**Assignment:** Repeat the data below in full. Pictures must not be part of the copy.

**Data segment:**
=== Begin Enclosure ===
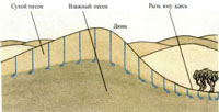 На близость грунтовых вод иногда указывает роение мошек и комаров, наблюдаемое после захода солнца, ярко-зеленые пятна растительности среди обширных пространств оголенного песка.
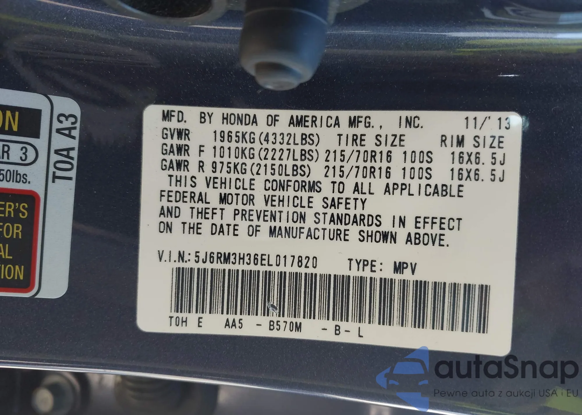 • VIN 5J6RM3H36EL017820
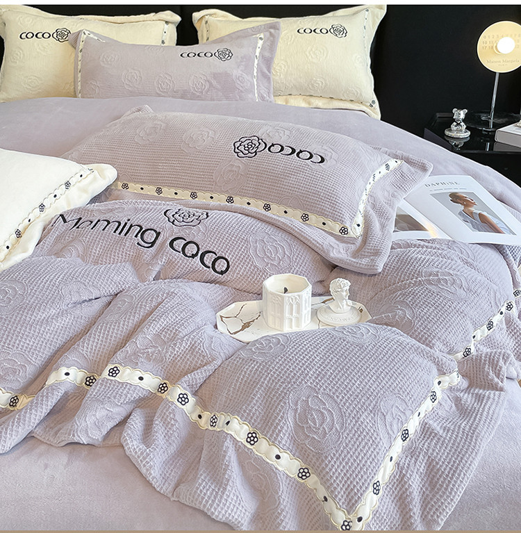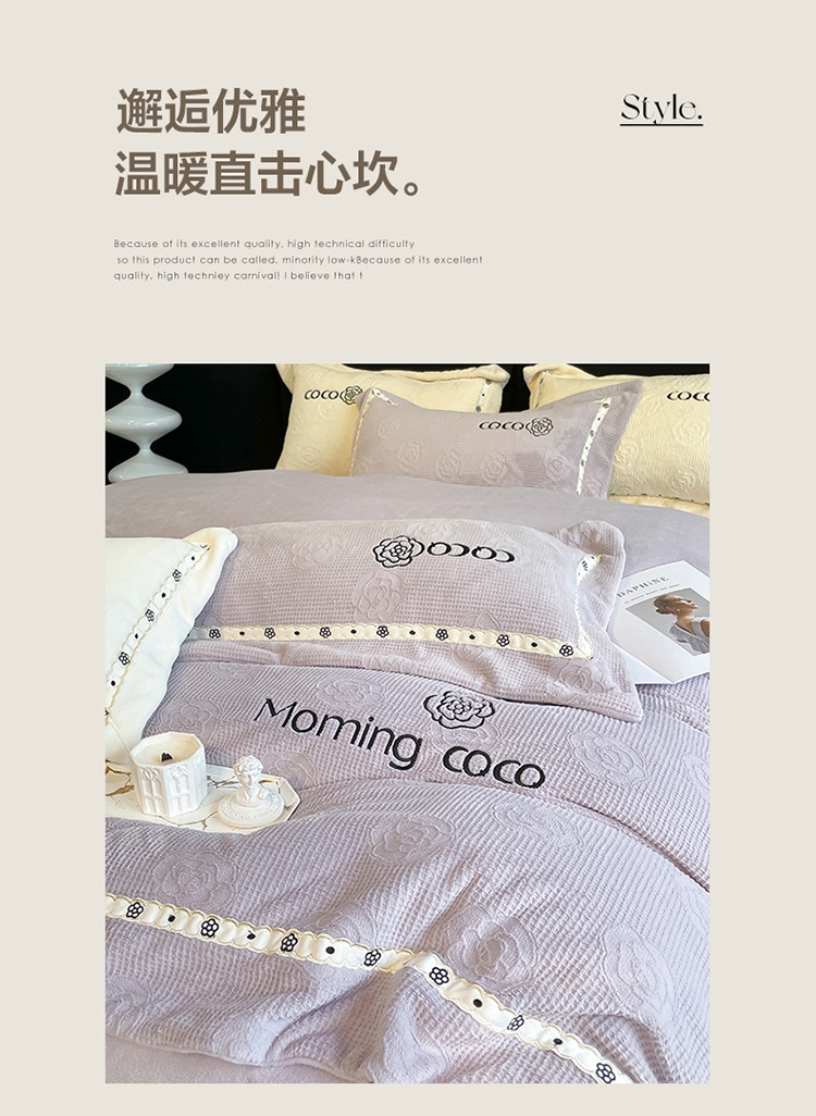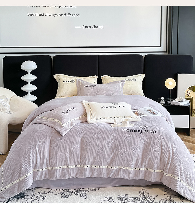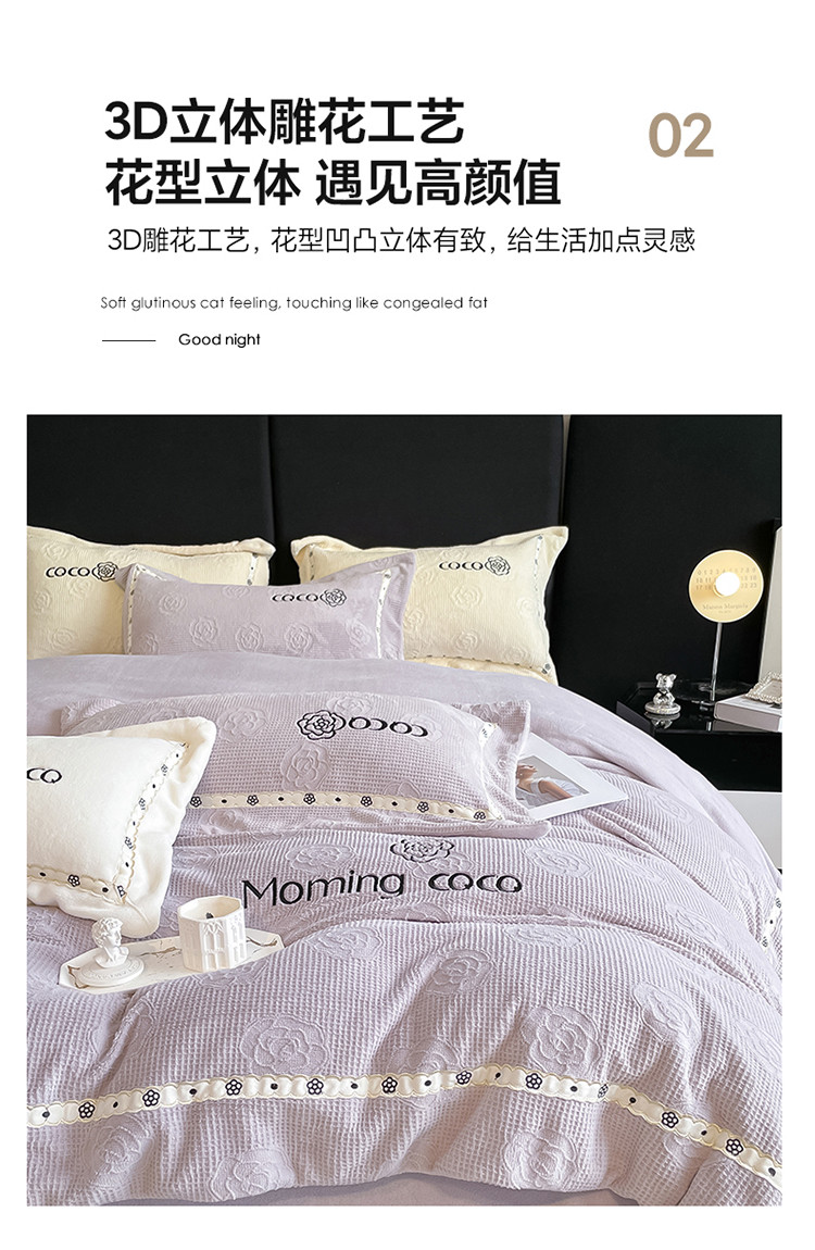 商品名称:祺瑞佳 2023 花颜-A类母婴 高克重超柔牛奶绒婴儿绒雕花烂花 刺绣绣花四件套 朝晖
=== End Enclosure ===
**Answer below:**
 На близость грунтовых вод иногда указывает роение мошек и комаров, наблюдаемое после захода солнца, ярко-зеленые пятна растительности среди обширных пространств оголенного песка.
 • VIN 5J6RM3H36EL017820
 商品名称:祺瑞佳 2023 花颜-A类母婴 高克重超柔牛奶绒婴儿绒雕花烂花 刺绣绣花四件套 朝晖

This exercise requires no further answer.